Despite three excellent acts on the Blue Stage, the Blue Stage’s closer, James Blake, easily outplayed all of them, and indeed, anyone I saw at the festival that day. The cards were stacked against him, playing to a crowd of leftover hip-hop fans who just experienced two energetic shows. In his most stark moments, notably “Lindesfarne”, Neko Case overpowered him all the way from the Red Stage. But Blake overcame all of these and even took them in stride, calling “Lindesfarne” “a wonderful duet with… whoever is playing over there.” At the start of “I Never Learnt to Share”, Blake loops his vocals to achieve the stuttering harmonies on heard on the track. On the first loop, the crowd cheered, approving the song, and the cheering got caught in the loop. The result was haunting, an ironic cheer to the lyrics “My brother and my sister don’t speak to me/ But I don’t blame them.” Yet the highlight of the set didn’t even come from Blake’s superb 2011 self-titled album. It was “CMYK”, off last year’s EP of the same name. On the record, it’s a good four minute dubstep song. Live, it’s a 10 minute dance odyssey, changing grooves from hard dubstep to raucous kuduro. Blake’s shapeshifting throughout the hour-long set made the time fly.

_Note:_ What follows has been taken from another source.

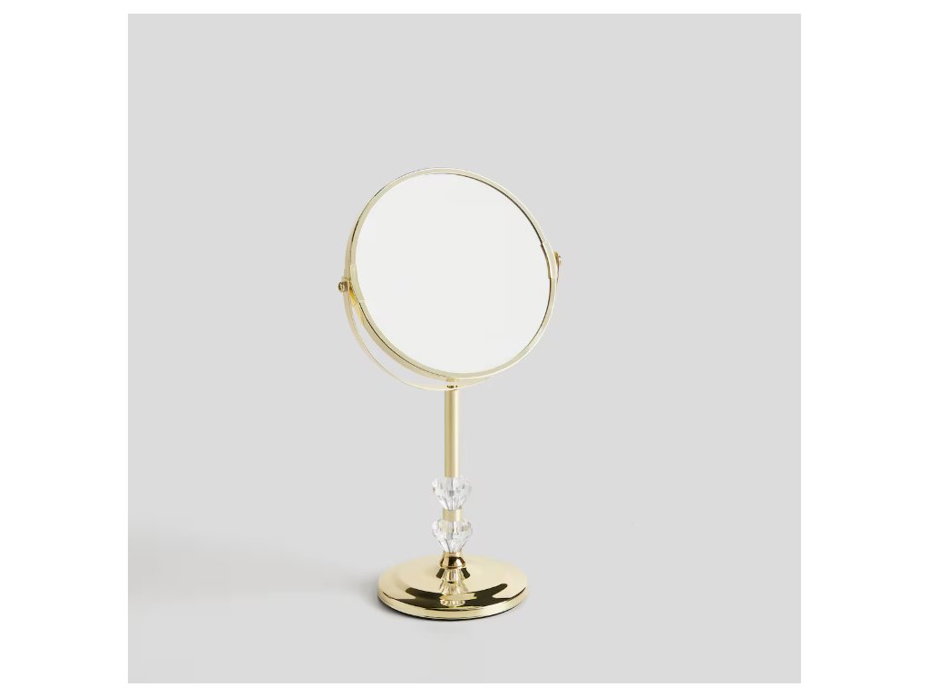 Zrkadlo v zlatej farbe je elegantný a funkčný prvok výzdoby. Je vybavené možnosťou 5x zväčšenia, ideálne na precízny make-up alebo starostlivosť. Jeho moderný dizajn a strieborný odtieň sa dokonale hodia k rôznym štýlom interiérov.
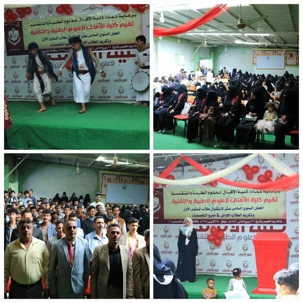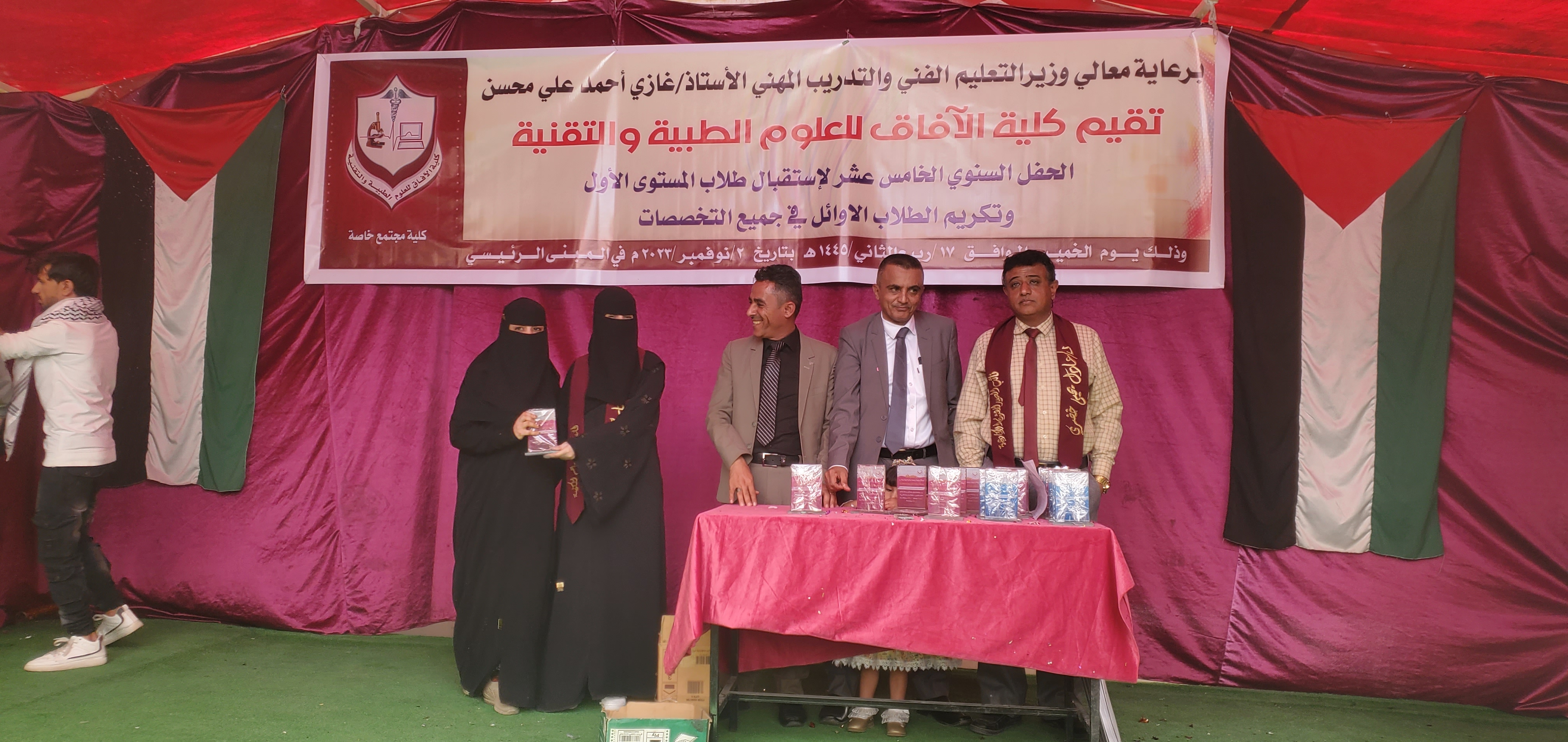 الحفل السنوي الخامس عشر لاستقبال الطلاب المستجدين وتكريم أوائل المستوى الثاني والثالث ومندوبي الدفع في الأقسام الطبية والتقنية وا...

Finally, Animal Collective headlined. I don’t have much to say about Animal Collective, except that it was long, uninteresting, and a disappointment. They set up in a four-piece rock band, not a laptop in sight, and certainly provided more energy than when I saw them as a duo at Bonnaroo two years ago. Still, they dabbled too long in unknown psychedelic jams that went nowhere, and even destroyed songs that could be anthemic by taking too long to get there. “Brothersport” proved that their jam style can work if the energy stays high, and was the easy highlight of the set.